Thursday, May 29, 2008

Through The Veil - Shiloh Walker

Found wandering in a field as a child, Lee Ross was given a name by the state and put in a foster home—without anyone realizing she wasn’t entirely human. All her life, she’s tried to forget the odd dreams that have plagued her, of monsters creeping through the night and a man fighting demons by her side. But the bruises she wakes with are all too real to ignore…

Then the man from her dreams appears—in the flesh. His name is Kalen—and he insists that her destiny lies in his world, the world of her dreams. To save their people, he must convince Lee to give up everything she knows, follow her heart, and cross over into the Under Realm—even though once she does, she’ll never be able to return.
This was my very first Urban Fantasy so I wasn't sure what to expect. Add in the fact that it's mixed with paranormal ... well, generally that's not my style. But, I'd been wanting to try UF for a while, and when Shiloh offered the ARC, I snapped it up. Why? Because I love her writing. LOVE IT. So I figured the fact that I always enjoy her writing would be a great way to ease into the UF genre. I was right.

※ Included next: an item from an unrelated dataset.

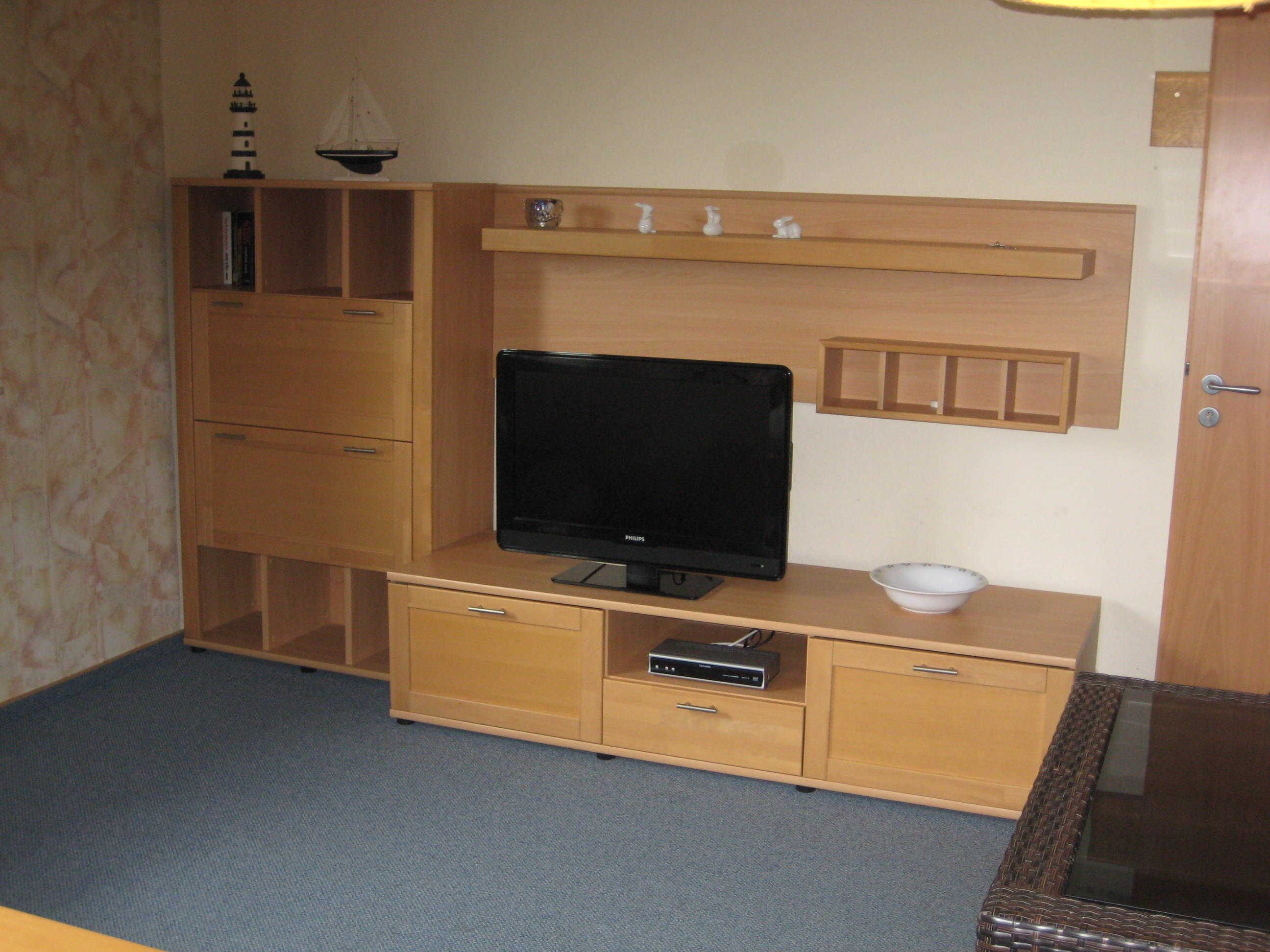 • Wohnzimmer mit Couch und Schrankwand, SAT-TV, Radioempfang über SAT-TV, Eßplatz, Teppichboden.

I have to admit that the beginning, the world building, was a little slow going for me, but in some ways I think the route Shiloh took was necessary because there is A LOT of stuff going on in this book. So many different creatures... some of them just way creepy. Shiloh sure has a GREAT imagination. Anyway, I'm not going to rehash the book and what happens in it except to say... expect the unexpected.

In Through The Veil Shiloh took me on a journey to another world. One that was bleak and dark and, frankly, scary. I mean I sure as heck wouldn't want to meet up with one of those Sirvani or Ikacado demons. *shudder* I loved Lee. I loved how Shiloh didn't make Lee one of those tough-as-nails women who ends up in a different dimension/world and doesn't get freaked about it but instead kicks ass without hesitation. I like how Lee was "humanized"... how she did get freaked and how she did wonder what she was doing there and just what the hell was going on.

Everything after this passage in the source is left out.